For the Ghorman massacre in section 8, Gilroy and Season 1 composer Nicholas Britell even had written a national anthem for the proud Ghor to sing in protest when Empire’s trap starts to tighten.
“Just being in a crowd and us sing together and sing together, it just felt very real,” said Alaïs Lawson, the French -speaking actress who played to play Ghorman Front fighter Enza Rylanz. “I actually have kind of chills that think about it.”
As with Ferrix during season 1, these building blocks were created in the Ghor Society with the season’s bow. While it The Ferrix story would culminate With the anger of the working class inhabitants, which cooked over in rebellion, Ghor’s peaceful protests would end in a predetermined slaughter. As Gilroy says in the video, “Ghorman was built to be destroyed.” Added serial production designs and producer Luke Hull, “We really worked back this view that this will be a killing field.”
In the video above, Hull and Team break one of the largest buildings in television history: Circular Ghorman Town Center Backlot Set. “You work within a set that is the size of two football pitches, and it is a real square. It has a fountain, it has a hotel, it has a cafe,” said section 7-9 director Janus Metz. “At some point, you forget that the sets are sets, you only live within reality (location).”

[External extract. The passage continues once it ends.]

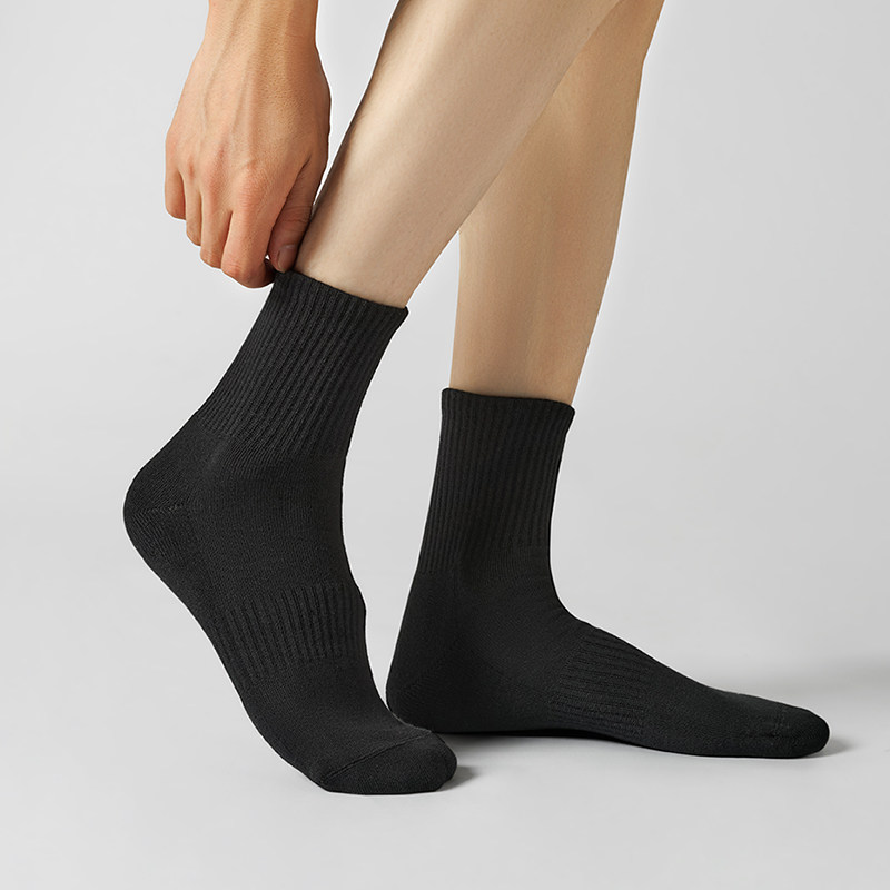 5双袜子男中筒袜高帮黑白纯色商务百搭ins潮纯棉防臭秋冬男士长袜

The Ghorman Backlot set is not only the banking heart in his culture and history, it is the desire that Empire places around their neck in section 8, when the stories about Cassian, Dedra (Denise Gough), Syril (Kyle Soller), Wilmon (Muhannad Bhaier) converges in the desert between Ghorm.
“I’m a freak for geography and measures that you always have to know where you always are,” Gilroy said. “But Luka’s set lets you know where everyone is all the time if you participate. And it drives the directors to always be real about it.”
In the video above, Metz, section 8, editor Yan Miles and Kinematographer Mark Patten breaks how they kept the action clear and the masterful section’s drama mounted against their terrible conclusion.